The Cornell research team synthesized six-nanometer-diameter lead sulfide quantum dots using inexpensive and scalable wet-chemistry methods. They then bonded different amounts of oleic acid — the basic ingredient of olive oil — to the surface of the nanocrystals, thereby creating “hairy dots.” Under the appropriate conditions, the hairy dots spontaneously formed crystals which were then studied by the powerful x-ray beams produced by the Cornell High Energy Synchrotron Source. Remarkably, the researchers found that the structure of the crystal could be changed by varying the amount of oleic acid (“hair”) on the dots. Very hairy dots formed face-centered cubic (fcc) crystals, whereas more sparsely covered dots formed body-centered cubic (bcc) crystals. When combined with theoretical calculations, these experiments provided new insights into the important role that surface chemistry plays in the growth of crystals at the nanoscale and suggested new techniques for controlling their growth and properties
The novel method of controlling the structure of nanocrystal arrays is simple, inexpensive, and suitable for industrial-scale mass production, taking researchers one step closer to their goal of designer materials for a sustainable future.

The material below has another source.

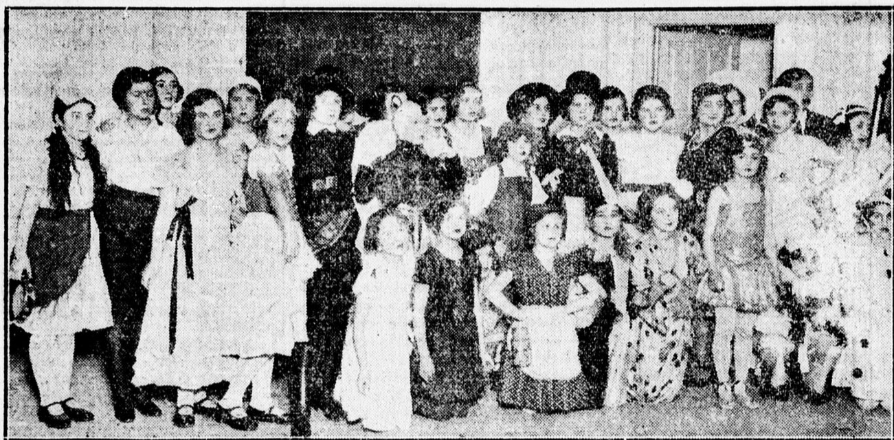
Az Arany Bikában rendezett purimi estén előadott „Karnevál a babüzletben” szereplői.

Choi, J. J., Bealing, C. R., Bian, K., Hughes, K. J., Zhang, W., Smilgies, D. M., Hennig, R. G., Engstrom, J. R., Hanrath, T. (2011). Controlling Nanocrystal Superlattice Symmetry and Shape-anisotropic Interactions Through Variable Ligand Surface Coverage. J Am Chem Soc, 133, 3131-3138.
Address Goals
Discovery: The development of new techniques for the self-assembly of nanocrystals enables the creation of “designer crystals” with the properties necessary for next-generation solar cells, transistors, and light emitting diodes. The novel method of controlling the structure of nanocrystal arrays is simple, inexpensive, and suitable for industrial-scale mass production, taking researchers one step closer to their goal of designer materials for a sustainable future.
Learning: This highly interdisciplinary and integrative research project required the sustained contributions of scientists and engineers with a wide range of talents and expertise. This project required contributions from surface chemists to enable the production of monolayer-thick films, from computational materials scientists to calculate the interactions of the nanocrystals, and from physicists to measure the structure of the assembled crystals. This interdisciplinary milieu provided an ideal training ground for next-generation scientists and engineers educated in cutting-edge nanoscience.